Feature Set Definition

An experienced analyst can visually determine what kind of traffic is in front of them: clean or malicious. ML works on the same principle, so the effectiveness of the model directly depends on the quality of the features on which it is trained. The set needs to be as complete as possible so that the model can see as many patterns as possible. At the same time, it should not be excessive, otherwise, it will be necessary to store and process data that does not carry useful information for the model.

Based on these conditions, for the first iteration, we selected 69 features characteristic of various HTTP contents.

Work on the ML model began with defining 69 features

Subsequently, we optimized the feature description. Firstly, we discarded what did not have a positive effect on the model's responses but only confused it. Secondly, we got rid of invertible features. For example, situations where a feature related to content length is zero, while its opposite is always one. As a result, we managed to reduce the number of features to 36 without loss of quality.

After optimization, the number of features was reduced to 36

Dataset Preparation

After creating the feature set, the work became more routine. We collected a dataset with PCAP files containing HTTP sessions of interest to us and then processed and converted each interesting stream (session) into TXT format, skipping the unnecessary ones. Then, using scoring and pre-developed features, we transformed the TXT files into a CSV table. In it, all the features were assigned some numerical value for the total scoring calculation. The ML model was trained on the resulting values. We wouldn't claim this was the most optimal solution, but it did work.

We first converted the PCAP files containing HTTP traffic into TXT with individual sessions, then into a CSV table

The training itself was carried out using the LightGBM classification method — gradient boosting.

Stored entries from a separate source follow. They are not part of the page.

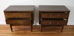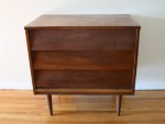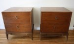 These are matching mid century modern high and low dressers by Dixie. They have a vertical streamlined drawer design and tapered legs. The tall dresser has 5 dovetailed drawers: 36″W x 18.5″D x 44″H . The low dresser credenza has 9 dovetailed drawers: 66.5″W x 18.5″D x 31″H.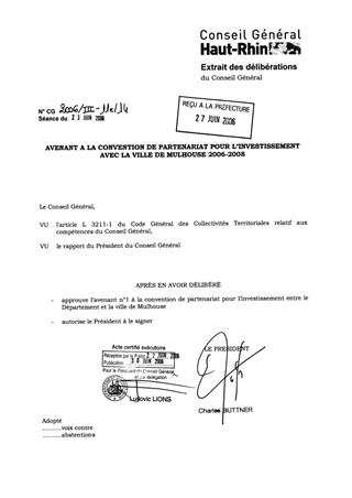 Avenant à la convention de partenariat pour l'investissement avec la Ville de MULHOUSE 2006-2008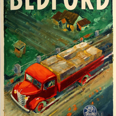 Original vintage advertising poster for the British truck manufacturer Bedford featuring an aerial view of a loaded red Bedford truck driving in the countryside past a house and a field with the text above and the Bedford and General Motors logos below. Based in Luton Bedfordshire, Bedford Vehicles was founded in 1930 by Vauxhall Motors to produce commercial lorries, trucks and vans; the company was taken over by the American company General Motors in 1925. Printed by Lund & Balling - Albert C. Petersen. Very good condition, small bumps on margins, small tape on corners, writing on bottom right corner.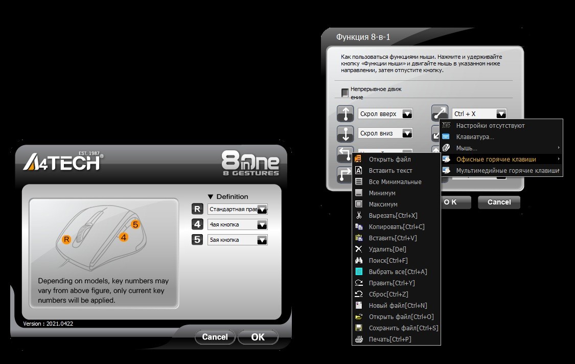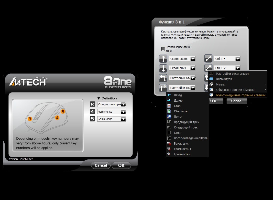 Комплект поставки Компактный пластиковый бокс с мышкой дополнен одной батарейкой АА, гарантийным талоном и вкладышем со списком основных характеристик. Дизайн и Корпус A4Tech - один из наиболее активных брендов в сегменте мышек из категории массовых беспроводных аксессуаров. Добиться такой популярности позволили качество и надежность товаров. Ну кто из нас хотя бы раз да не пользовался мышкой от этой компании? Вспомните свои впечатления! Накопленный опыт, и обратная связь с покупателями дают возможность инженерам и дизайнерам создавать удобные и универсальные мышки с достаточным набором функций. Модель FG12S точно из этого списка. A4Tech FG12S выполнена в корпусе из пластика. На выбор покупателя предлагается 3 варианта расцветки: черная, белая и черно-белая «Панда». Габариты 108 х 64 х 35 мм. Вес 63 г, со вставленной батарейкой 85 г. Пластик матовый на большей части корпуса. Это практично. Глянцем дизайнеры выделили только полоску вокруг колесика и разрыв между кнопками и местом упора ладони. Кнопки большие и беззвучные. Заявленный срок службы – 5 млн кликов. Колесико широкое и прорезиненное. Это удобно. Внизу переключатель вкл/выкл, обозначение модели и серийного номера, а также окошко сенсора. Разрешение оптического сенсора – 1200 dpi, частота опроса – 125 Гц. Достаточного размера тефлоновые ножки позволяют манипулятору хорошо скользить не только по коврику. Под крышкой место для установки батарейки и разъем для хранения приемника/передатчика, который работает на частоте 2.4 ГГц. Он оранжевого цвета. Субъективно, единственный плюс такой расцветки – USB-приемник сложнее потерять и легче найти. Опыт пользования Размер и характеристики беспроводной мышки A4Tech FG12S указывают на ее ориентацию на обычных пользователей, особенно на тех, кто будет использовать ее с ноутбуком и носить с собой. Получается, что манипулятор будет больше использоваться под офисные задачи и серфинг в сети. Реже для игр, 3D моделирования и других специфических задач, где для ускорения процессов хотя-бы пара-тройка дополнительных кнопок была бы не лишней. Для озвученных мной целей обозреваемой мышки хватает, производительность не идет в ущерб скорости или точности выполнения ежедневных функций. Плюсом могу назвать способность манипулятора работать на большинстве поверхностей, включая мягкую ткань дивана, гладкое стекло рабочего стола и деревянную основу кухонного. Полезная функция – 8 в 1. Пользователю дают слот из 8 жестов для настройки «горячих» клавиш мыши. Действие – зажатая кнопка и движение. Таким образом можно сделать многое – от увеличения громкости динамиков до копирования выделенного текста. Больше информации найдете на скриншотах ниже. Обозреваемая мышка, как бы это пафосно не звучало, идеальный партнер в путешествиях. Во-первых, из-за небольших габаритов. Во-вторых, благодаря возможности беспроводного подключения и длительного времени работы от одной батарейки. Производитель заявляет о сроке службы до 12 месяцев. Это реализовано за счет 4-х уровней энергосбережения и переходе устройства в спящий режим после 200 миллисекунд простоя. Не попробовав мышку в руке можно подумать, что небольшой размер — это некомфортно, но манипулятор удобен. Эргономичная симметричная форма означает, что пользоваться ею могут как левши, так и правши. Выводы A4Tech FG12S - очень простая мы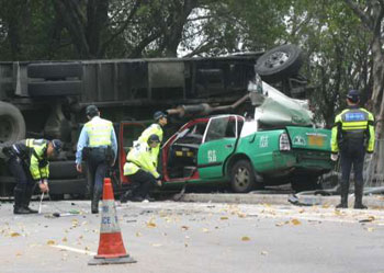 消防員接報(bào)趕至現(xiàn)場,發(fā)現(xiàn)被壓扁的的士車廂內(nèi)躺著6名男子,但已全部氣絕身亡,部分人更被壓至面貌變形,頭顱爆裂。警方事后驗(yàn)出被告酒精含量是153微克,超標(biāo)6倍半。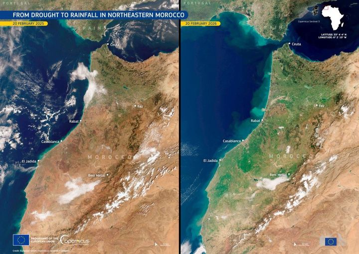 Gdyby w lutym 2025 roku ktoś spojrzał z orbity na Maroko to zobaczyłby kraj, w którym dominuje kolor czerwony ze względu na wysuszoną i odwodnioną glebę. W połowie lutego 2026 roku zakończyły się jednak opady deszczu, które od około dwóch miesięcy nawiedzały kraj i w znacznym stopniu zmieniły jego krajobraz. Najlepiej pokazuje to satelita Copernicus Sentinel-3.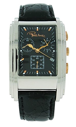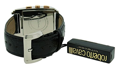 Features; Rectangular textured outer rim black analog face. White and rose gold tone indices. Chronograph dials at the 3, 6, and 9 o'clock positions. Date window at the 4 o'clock position. Snake form rose gold tone hour and minute hands. Stainless steel beveled fixed bezel. Stainless steel case and case back. Glossy black padded crocodile watch band. Stainless steel buckle.Feature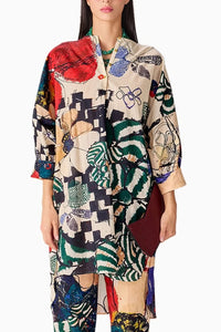 Featuring the Vintage Block Akira Kurta by Saaksha & Kinni's Nirah Collection. This tunic showcases an abstract floral and checkered print with an asymmetric collar, offering a contemporary twist on classic elegance. Perfect for effortless yet statement-making style.

The initial results were already impressive: regardless of the number of suspicious files the model was trained on, the result never fell below 99.9%.

The training was conducted with different sample sizes, but the result never dropped below 99.9%

Elated by the success, we handed the model over to the ML team for further improvements by colleagues.

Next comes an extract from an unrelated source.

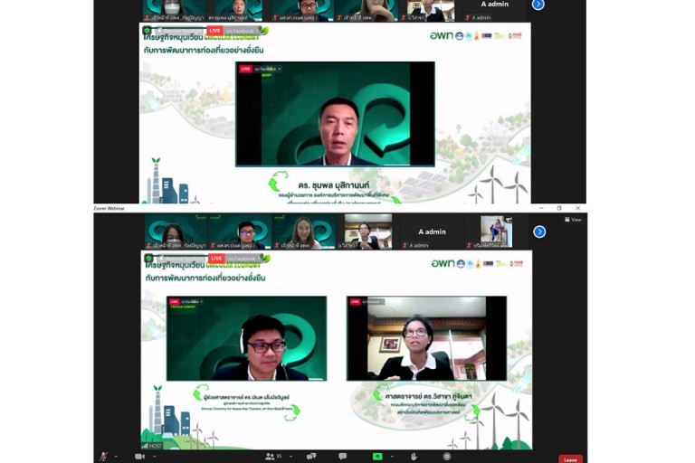 ขณะที่ ศ.ดร. วิสาขา ภู่จินดา คณบดีคณะบริหารการพัฒนาสิ่งแวดล้อม สถาบันบัณฑิตพัฒนบริหารศาสตร์ หรือ NIDA และผู้ช่วยศาสตราจารย์ ดร.ปเนต มโนมัยวิบูลย์ หัวหน้าศูนย์วิจัยระบบเศรษฐกิจหมุนเวียน เพื่อประเทศไทยปลอดขยะ (CEWT) สำนักวิชาวิทยาศาสตร์ มหาวิทยาลัยแม่ฟ้าหลวง ได้กล่าวในการประชุมครั้งนี้ว่า BCG Economy จะนำไปสู่การกำหนดแนวปฏิบัติใหม่ของอุตสาหกรรมการท่องเที่ยว ซึ่งถือเป็นอุตสาหกรรมที่มีความสำคัญต่อการพัฒนาเศรษฐกิจของประเทศ ที่ต้องการสร้างรายได้และกระจายรายได้จากการท่องเที่ยว ควบคู่ไปกับการเพิ่มประสิทธิภาพการใช้ทรัพยากรธรรมชาติและสิ่งแวดล้อมให้เกิดประโยชน์สูงสุด เช่น การจัดซื้อจัดจ้างสีเขียว การใช้ผลิตภัณฑ์หรือบรรจุภัณฑ์ ที่สามารถนำกลับมาใช้ซ้ำ หรือนำกลับมาเข้าสู่กระบวนการรีไซเคิล (Re-Cycle) รวมถึงการนำขยะไปผลิตพลังงานทดแทน (Waste to Energy) ควบคู่ไปกับการส่งเสริมชุมชนให้เกิดการพัฒนาผลิตภัณฑ์จากขยะหรือที่เรียกว่า Re-Cycling เพื่อเป็นกิจกรรมหนึ่งที่สามารถเข้ามาช่วยกระจายรายได้เข้าสู่ชุมชนได้มากยิ่งขึ้น เกิดการยกระดับการบริหารจัดการแหล่งท่องเที่ยวให้เกิดความยั่งยืน ตามหลักการทำน้อยแต่ได้มาก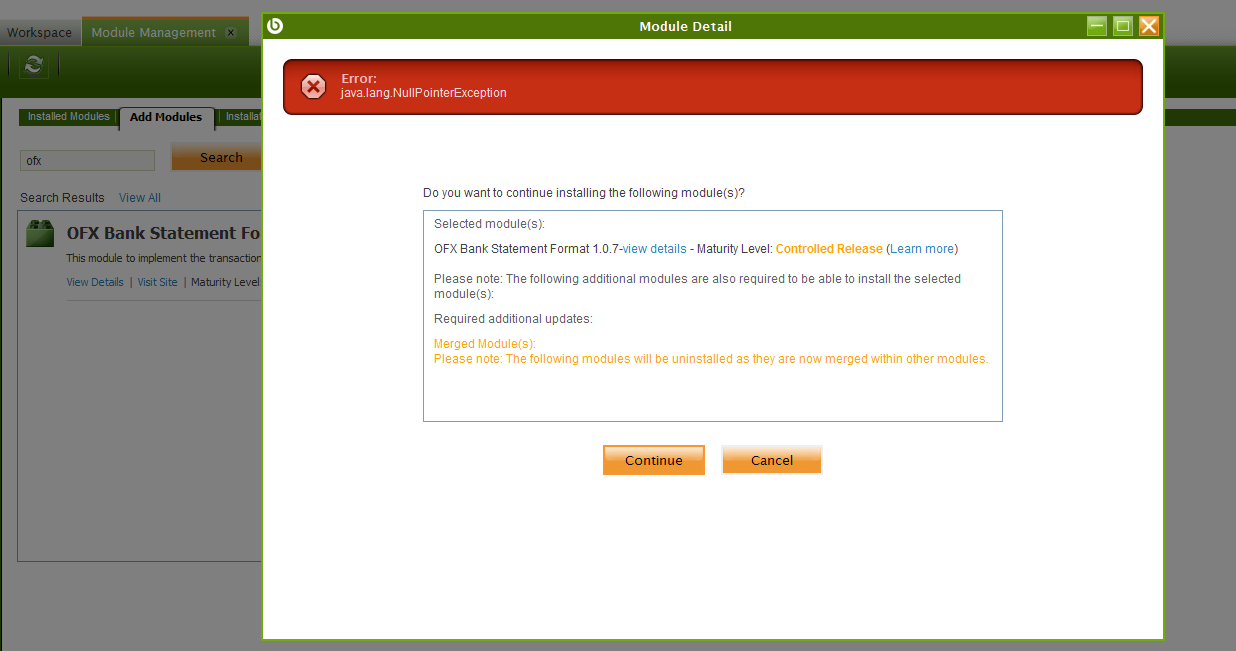 | Steps To Reproduce | 1. Being in a community instance 2. Login as Openbravo/openbravo 3. Change the role to system admin 4. Go to module management console 5. Move to add modules 6. Search for ofx 7. Click install module You will get the NPE. This is wrong | |||||||

Error Handling: Verifying the Solution in Terms of Data

Before deploying an ML model in a production environment, it's important to ensure that it will work correctly under real conditions. It's necessary to understand whether the data used for training truly reflects the population relevant to the companies that will implement the product. Errors may arise due to the difference between expert and ML approaches to traffic analysis. Experts mainly work with dangerous samples, and each family of malware is considered independently within the framework of a separate rule. The verdict on it does not affect others. In turn, an ML solution represents a generalized model and learns to separate clean samples from dirty ones.

In our expert base, a significant imbalance was detected at the initial stages: for every two malicious samples, there was one clean sample. According to other estimates, the ratio was even three to one. However, in real traffic flowing into the sandbox, the data is mostly clean, and illegitimate sessions appear in only 1% of all PCAP files. In this case, due to the characteristics of the models and the environment in which they operate, there is a slight imbalance (but this should be taken into account when developing the model) — after all, most of the clean traffic in the sandbox is homogeneous, while malicious traffic is more variable. Such a statement would be completely incorrect for stream traffic, but here we are reasoning specifically about the sandbox network.

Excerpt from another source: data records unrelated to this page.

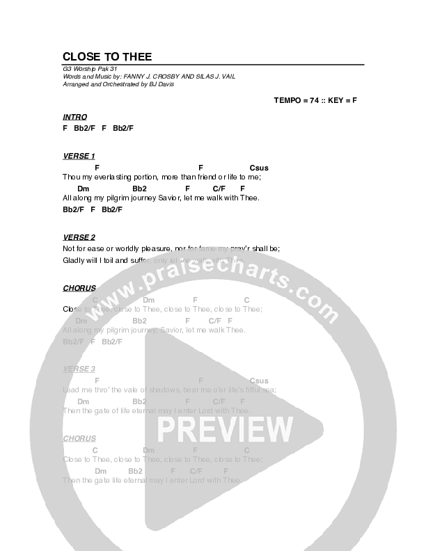 Download the PDF Chord Charts for Close To Thee by G3 Worship, from the album Hymns Volume 2.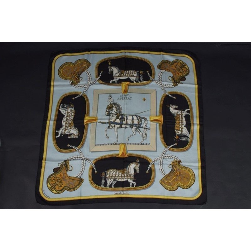 A HERMÈS SCARF - "GRAND APPARAT" Silk twill, rolled edges, signed Jacques Eudel. 90 x 90 cm. Good condition (1)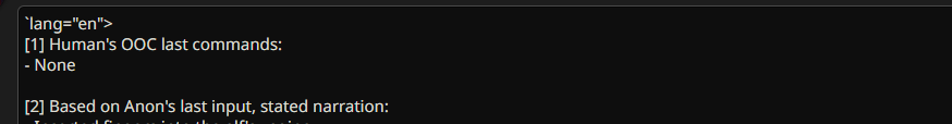 >>1256527 Такие случаи это 100% юзкейс примеров. Дай ему несколько примеров речи перса. Желательно сбалансированных, чтобы единственное общее у них это был стиль речи. И пометь их пояснением, что это именно примеры и их надо учить, а не повторять. Не юзай поле примеров в карточке, т.к. по разметке непонятно к кому они относятся и по дефолту в таверне они уплывают с историей. Суй примеры например в описание персонажа. >а сам язык подхватывается из гритинга, где уже идет как пример речь данного персонажа История вообще довольно нестабильный способ описывать что-либо, если ты ещё не понял. Факты в ней разрознены, двигаются по кривой контекста, и в конце концов выкидываются в мусорку. Хранит описания она плохо и непредсказуемо.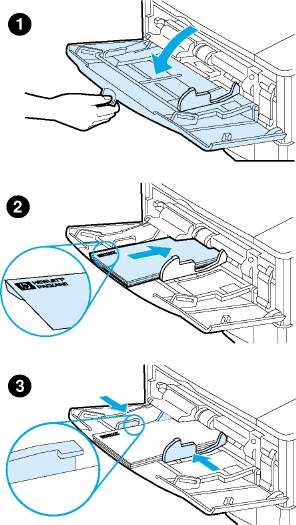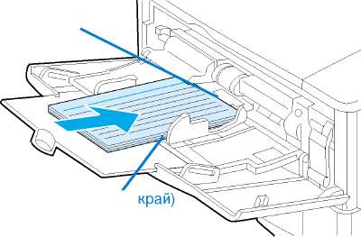 в середину лотка 1 стороной для печати вверх и краем с маркой по направлению к принтеру. Задвиньте конверты в принтер плотно до упора, но без усилия.
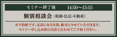■セミナー終了後 14:50~15:15 個別相談会(税務・信託・不動産)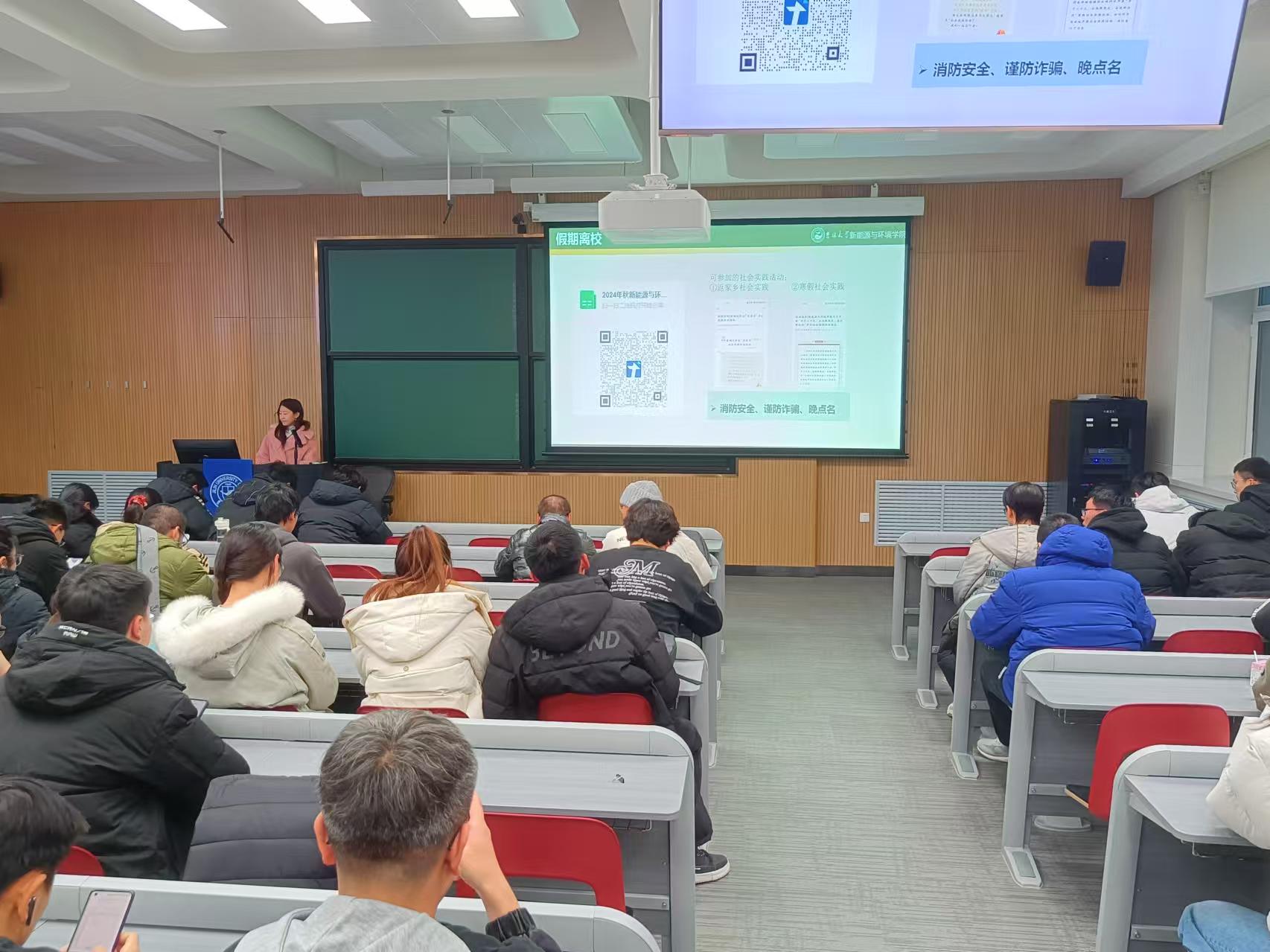 为做好学生假期安全教育、加强学风建设、规范日常行为,2024年12月11日-17日,bat365官网登录入口学生工作办公室全体辅导员老师先后组织各年级同学开展了“诚信考试,安全归家”主题年级大会。

It was certainly not possible to release our model into production in this form.

Continuous Learning

Data labeling for our model includes rule verdicts (95% of cases) and manual expertise. This means that a classic ML approach doesn't work here: if the model overfits to the rules, it won't be useful. In this case, we're particularly interested in evaluating false positives — specifically, the situations where the model detects illegitimate activity that isn't covered by the existing labels.

False positive detections may indicate two things: either the model has truly found something unique, or a safe sample was mistakenly identified as malicious by the model. In the case of the sandbox, the second option cannot be allowed: it will mark the file as dangerous, which will mislead the user.

At the same time, new families of malware constantly emerge in real data streams. Therefore, to keep the model effective, it needs constant monitoring and retraining. For this, we have established a separate process: experts analyze false positives daily, and we make adjustments to the model when necessary.

Initially, we observed regular spikes in false positive detections, some of which were due to model errors. However, at this stage, we also discovered many families of malware that researchers had not previously described with rules. After just a week, the number of such detections decreased: mostly unique detections remained. The training of the ML model is still ongoing, as this is the only way to maintain its relevance.

Just a week after training started, the number of false positives significantly decreased

Interpretation of Verdicts

To make the model's verdicts transparent and explainable, we used the SHAP library, which builds visual graphs explaining the model's decisions. Movement along the horizontal axis to the left indicates that the traffic is clean, while movement to the right indicates the detection of malware. Red color indicates a high feature value, while blue indicates a low value. With such a graph, cybersecurity specialists using the sandbox can much more easily understand why the model made a particular conclusion.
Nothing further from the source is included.